Thursday, 21 July 2022

BRAPA is ..... RUNNING UP THAT HILL (TO THE BUSH INN) : Cornwall Holiday Pt 7/10

 "And if I only could, I'd make a deal with God (or Jimmy Case), and I'd get him to swap our places.  I'm running up that road, I'm running up that hill, I'm running to that building (Bush pub)"

Kate knew what she was on about didn't she?  It had been the most painful, farcical, hilarious and weird holiday in the eight year history of BRAPA.  And it wasn't over yet.  Surely fate was going to take pity on me as we entered Day 6.  Surely?

Waterlogged GBG, crashing wakes, phantom buses, closed roads, train strikes, cancelled trains, sunburn one day, drowned rat the next, mad cap boat trips.  Now I look back, it is a wonder I didn't wave the white flag and crawl home to York defeated.  But if BRAPA's taught me one thing, it is fortitude.

All aboard the number 12 bus again from Plymouth.  Launceston had seemed a decent stretch yesterday, but Bude on the north coast was one helluva long bus ride.  I jumped off a bit sooner in a place called Stratton, which had a pre or post emptive pub called the Kings Arms.


I had time to kill, it was open, and I'm sure I'd seen it in fairly recent GBG's.  It didn't scream GBG today.  It was a lot more rough and ready than I'd imagined from the long coaching inn style exterior.  Landlord is a bit of a lad.  We accidentally play 'hide n seek' early on, which at least makes for a jolly kind of opening to the day's pubbing, once I find him!  Doom or Atlantic is the choice (actually the first time I've seen the latter this holiday.  And it was in good nick).  A few locals trot about, mainly Mums and sons.  I'd hate to be a judgey snob but there's an element of Jeremy Kyle about everyone I bumped into, whether it be toilet corridors or around shady corners.  Some young Brit no one has heard of is having is arse whipped in the tennis at Wimbledon.
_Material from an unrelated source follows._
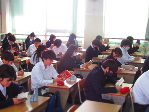 写真は、2年生朝読書のようすです。

It is one of those 12 noon BBC Two 'no one cares' kind of matches on court 114.  The landlord and me both feign interest.  A lady with a back tattoo of a Ginsters is as confused as I am with regards the Wifi password.  Honest, stodgy sort of pub.  Having since visited the other pubs in the area, I can now say with the benefit of hindsight that I'd be surprised to see this one back in any time soon, despite the good pint.



I'd slightly underestimated the length of walk to Poughill (pronounced Pof 'ill), and was also surprised to see how rural the scenery became in a very short space of time, Stratton having almost been like a metropolis in the Cornish scale of Gweek to Truro.  

On a slight incline, the pavement having given up long ago, with finches fluttering in the hedgerows, the pub came into view on the right ....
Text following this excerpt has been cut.